Context Compression 和 Caching

hermes agent Context Compression 和 Caching

Hermes Agent 使用双重 compression 系统和 Anthropic prompt caching，在长对话中高效管理 context window 使用量。

源文件：agent/context_engine.py（ABC）、agent/context_compressor.py（默认 engine）、agent/prompt_caching.py、gateway/run.py（session hygiene）、run_agent.py（搜索 _compress_context）

可插拔 Context Engine

Context management 构建在 ContextEngine ABC（agent/context_engine.py）之上。内置的 ContextCompressor 是默认实现，但插件可以用其他 engines 替换它（例如 Lossless Context Management）。

context:
  engine: "compressor"    # default — built-in lossy summarization
  engine: "lcm"           # example — plugin providing lossless context

engine 负责：

决定什么时候触发 compaction（should_compress()）
执行 compaction（compress()）
可选地暴露 agent 可调用的工具（例如 lcm_grep）
跟踪 API responses 中的 token usage

选择通过 config.yaml 中的 context.engine 配置驱动。解析顺序：

检查 plugins/context_engine/<name>/ 目录
检查通用 plugin system（register_context_engine()）
回退到内置的 ContextCompressor

Plugin engines 永远不会自动激活 —— 用户必须显式将 context.engine 设置为该插件的名称。默认的 "compressor" 始终使用内置实现。

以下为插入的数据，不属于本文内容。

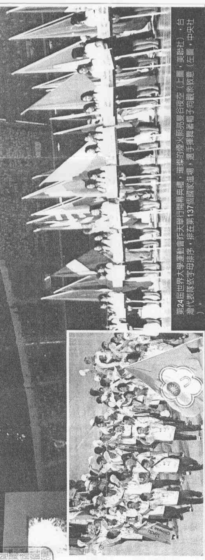
第24屆世界大學運動會昨天舉行開幕典禮，璀璨的煙火照亮曼谷夜空（上圖），台灣代表隊依字母排序，排在第137個國家進場，選手揮舞著帽子向觀眾致意（左圖）。
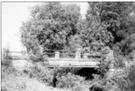
FIG. 3 BRIDGE ACROSS THE STREAM VRBOVAČA, NEAR RAČINOVCI, 1903
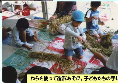
わらを使って造形あそび。子どもたちの手にかかる 自然物がいろいろな物に大変身!!
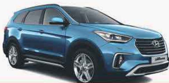
HYUNDAI GRAND SANTA FE
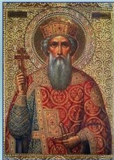
Князь Владимир (Красное Солнышко)
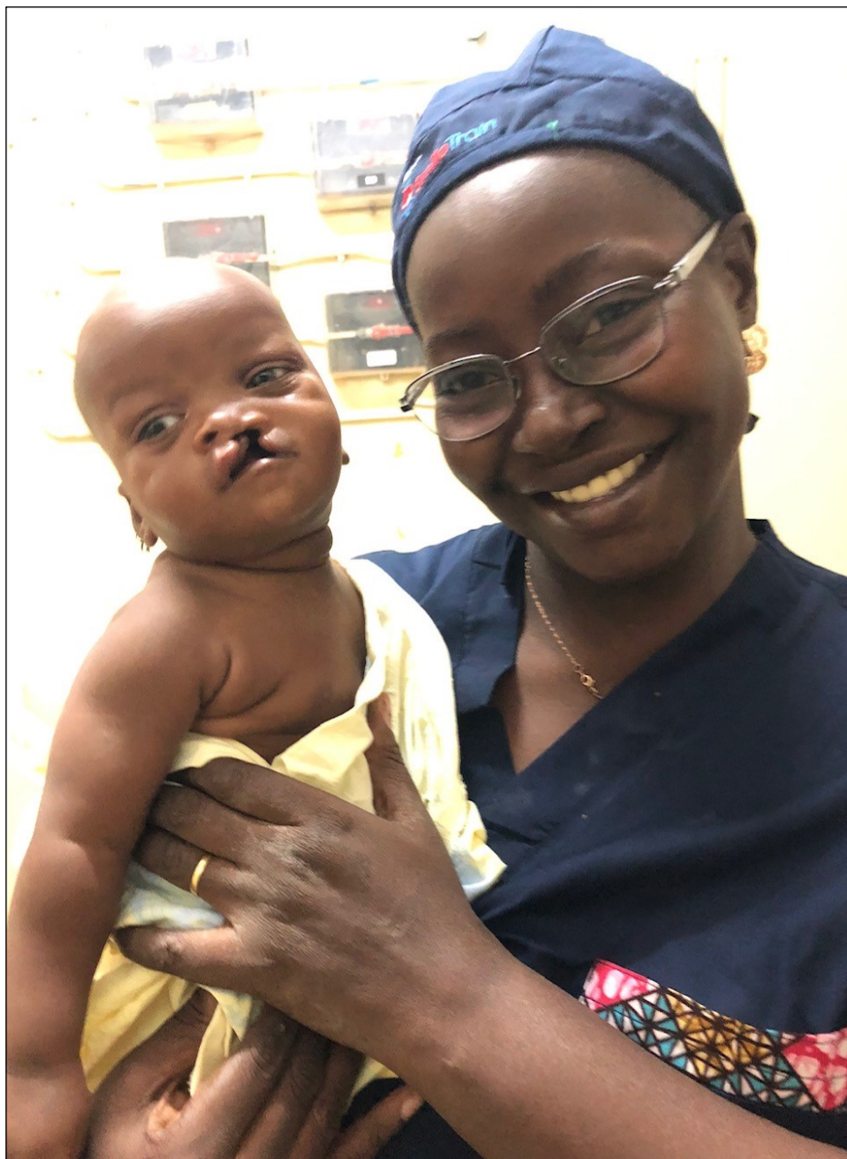
Moment de tendresse avant l'opération.

J'ai aussi eu la chance de rencontrer le comité de EPE en Suisse autour d'un repas... des gens extraordinaires qui ont fait que je me sentais comme chez moi. Merci infiniment pour tout ce que vous faites pour les malades au delà du côté financier. Vous leur accordez une partie de votre temps en étant avec eux dans les bons et les mauvais moments. Pour moi, ça n'a pas de prix. Je vous serai éternellement reconnaissante. Puisse Dieu nous accorder une vie pleine de santé pour qu'on puisse continuer à servir cette noble cause.
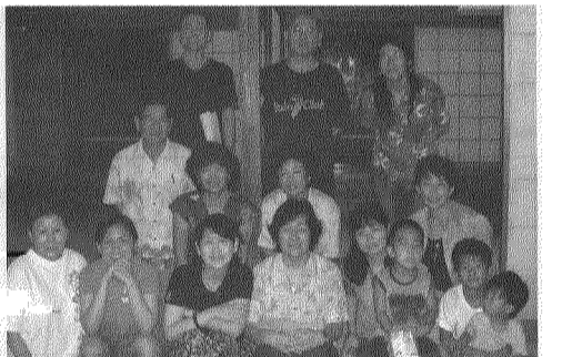
9月後半に新メンバーを出産予定のユルギタさん

の温度差もあり、意見交換が難しい時もあるかと思いましたが、地元の声も上げて行きたいと思
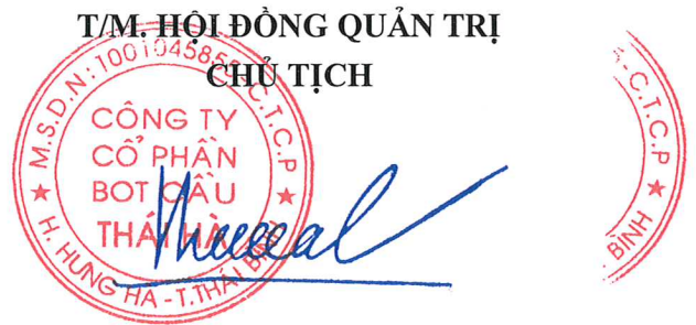
NGÔ TIẾN CƯƠNG
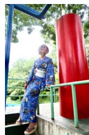
C.H.O.K.O ユカタ「Flickering Polka」/兵児オビ ユカタ:56,160 円/兵児オビ 28,080 円(いずれも税込)
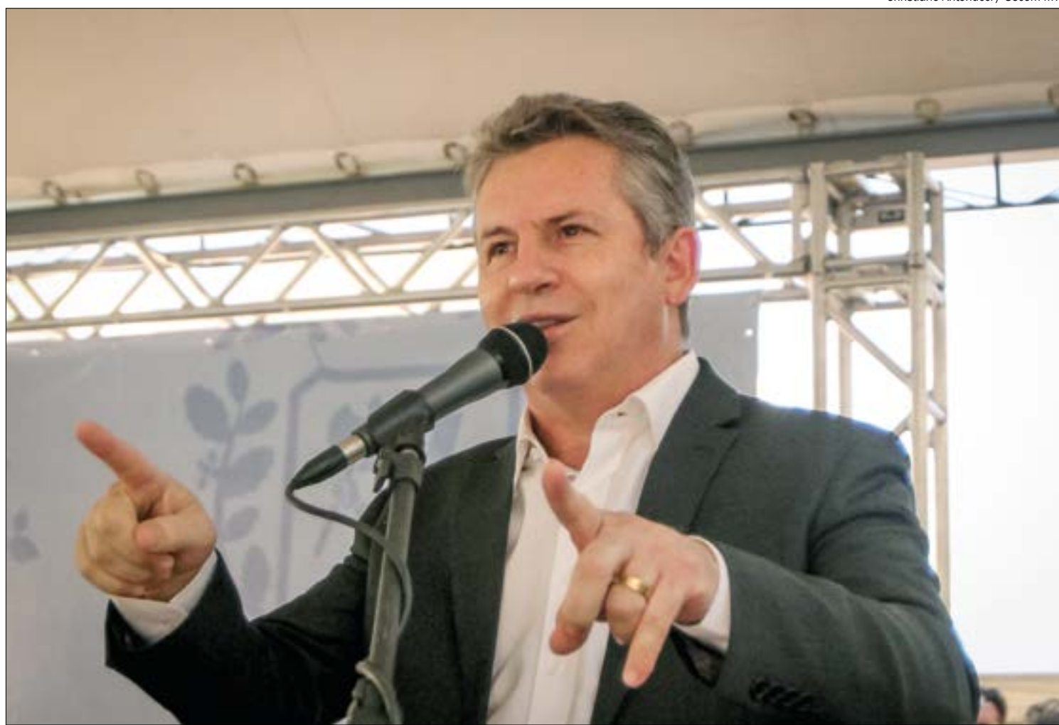
Mendes destaca que Exército tem sido grande parceiro do Estado no combate às queimadas

Mendes lembrou que incêndios estão ocorrendo em todo o mundo, como agora na Califórnia, na Austrália e na Europa em 2019. "Essa guerra de imagem internacional
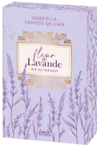
Fleur de Lavande (Band 3) - Wie du träumst Paperback
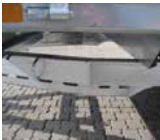
Serien-Detail: Hohlprofil-Hauptrahmen mit Unterzug im Übergang zur V-Deichsel

Sonderausstattung: Räder 225/55 R 12 – LH ca. 670 mm, Stützrad verstärkt 70 mm, Kunststoffstaukasten 550 x 250 x 290 mm a. d. Stirnwand, Rampenpaket mit klappbaren Heckstützen
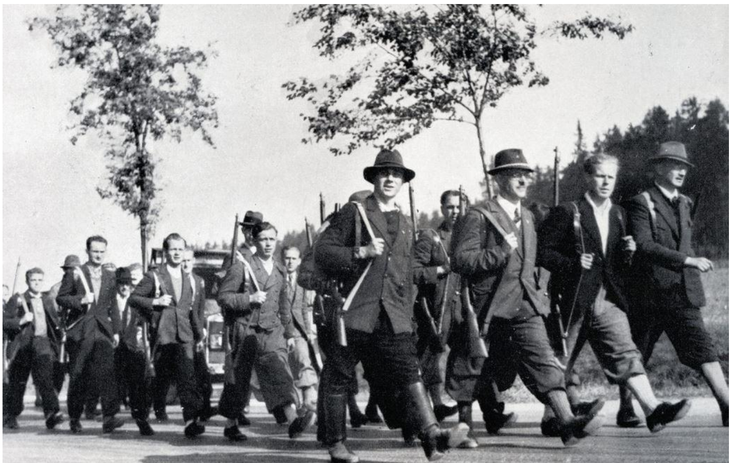
Pochod paramilitantních bojůvek Freikorpsu.
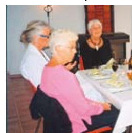
40-årsfest i Granlia III s. 12

可以通过 hermes plugins → Provider Plugins → Context Engine 进行配置，或者直接编辑 config.yaml。

关于构建 context engine 插件，请参见 Context Engine Plugins。

双重 Compression 系统

Hermes 有两个独立运行的 compression 层：

                     ┌──────────────────────────┐
  Incoming message   │   Gateway Session Hygiene │  在 context 的 85% 时触发
  ─────────────────► │   (pre-agent, rough est.) │  大型 sessions 的安全网
                     └─────────────┬────────────┘
                                   │
                                   ▼
                     ┌──────────────────────────┐
                     │   Agent ContextCompressor │  在 context 的 50% 时触发（默认）
                     │   (in-loop, real tokens)  │  常规 context management
                     └──────────────────────────┘

1. Gateway Session Hygiene（85% 阈值）

位于 gateway/run.py（搜索 Session hygiene: auto-compress）。这是一个安全网，会在 agent 处理消息之前运行。它可以防止 sessions 在 turns 之间增长过大时导致 API 失败（例如 Telegram / Discord 中隔夜累积的消息）。

Threshold：固定为模型 context length 的 85%
Token source：优先使用上一轮 API 报告的实际 tokens；如果没有，则回退到基于字符的粗略估算（estimate_messages_tokens_rough）
Fires：仅当 len(history) >= 4 且 compression 已启用时触发
Purpose：捕获逃过 agent 自身 compressor 的 sessions

gateway hygiene 阈值有意设置得比 agent compressor 更高。把它设为 50%（与 agent 相同）会导致长 gateway sessions 中每一轮都过早 compression。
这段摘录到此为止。